Each line below from the line with "全年来看,泰国浓乳全年出口同" to the line with "党委组织部、党委统战部、党委宣传部(新闻中心)全体在校人员参加会议。" must be copied exactly, including those two, and no picture may appear in the copy.

- [DATA SUPPLIED]:
====

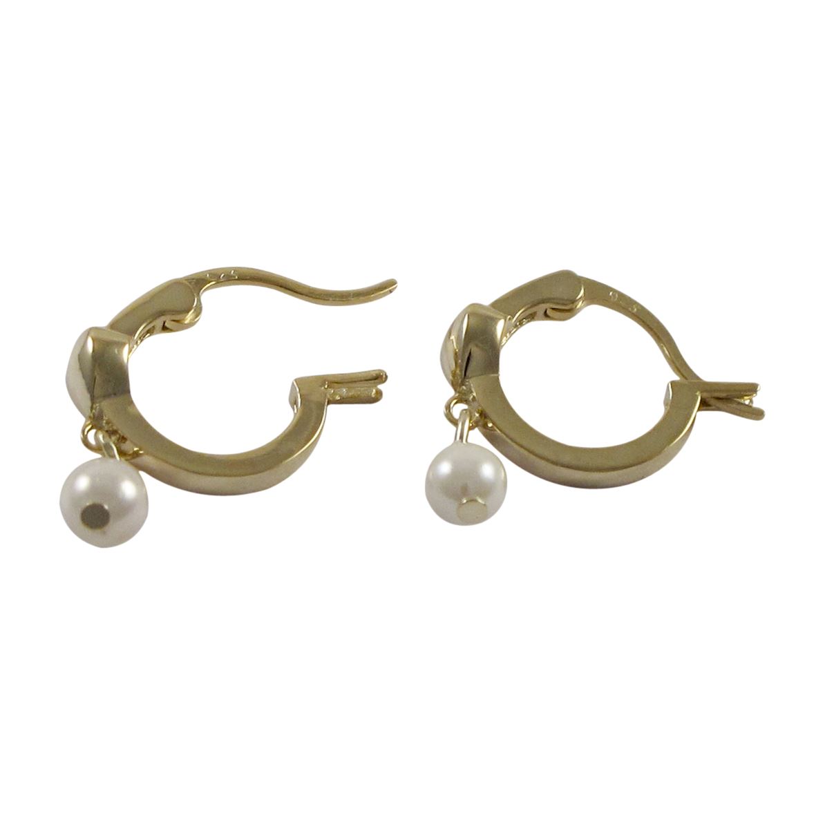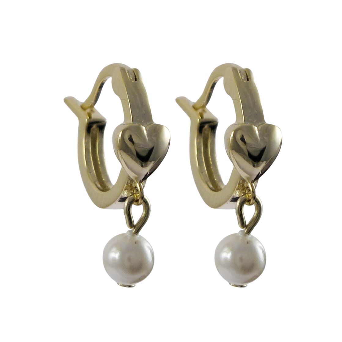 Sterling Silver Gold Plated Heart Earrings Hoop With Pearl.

====

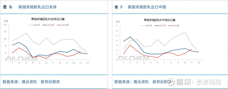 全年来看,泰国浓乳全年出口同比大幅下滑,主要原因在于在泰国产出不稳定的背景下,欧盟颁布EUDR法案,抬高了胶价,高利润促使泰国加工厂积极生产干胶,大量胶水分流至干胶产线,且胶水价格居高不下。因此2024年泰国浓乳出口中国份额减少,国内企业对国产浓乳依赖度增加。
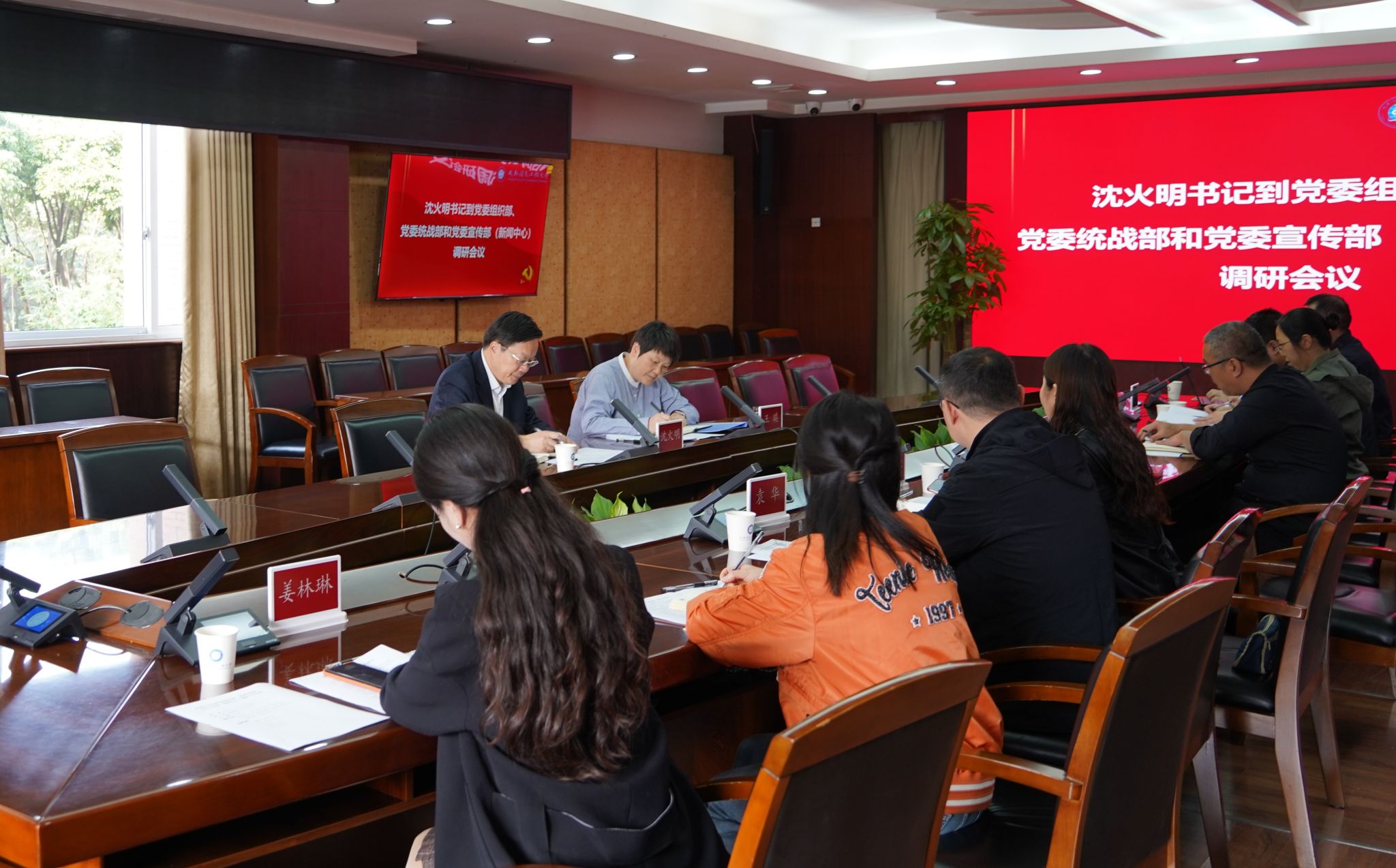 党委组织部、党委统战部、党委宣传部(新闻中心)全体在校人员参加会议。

====

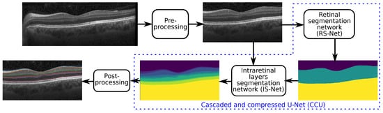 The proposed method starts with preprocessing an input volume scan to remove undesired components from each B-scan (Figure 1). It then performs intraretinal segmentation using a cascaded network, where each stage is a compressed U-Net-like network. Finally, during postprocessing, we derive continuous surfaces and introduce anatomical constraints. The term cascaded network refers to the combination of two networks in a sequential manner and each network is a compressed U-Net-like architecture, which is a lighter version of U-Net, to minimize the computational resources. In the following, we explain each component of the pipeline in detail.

====

- [EXERCISE OUTPUT]:
 全年来看,泰国浓乳全年出口同比大幅下滑,主要原因在于在泰国产出不稳定的背景下,欧盟颁布EUDR法案,抬高了胶价,高利润促使泰国加工厂积极生产干胶,大量胶水分流至干胶产线,且胶水价格居高不下。因此2024年泰国浓乳出口中国份额减少,国内企业对国产浓乳依赖度增加。
 党委组织部、党委统战部、党委宣传部(新闻中心)全体在校人员参加会议。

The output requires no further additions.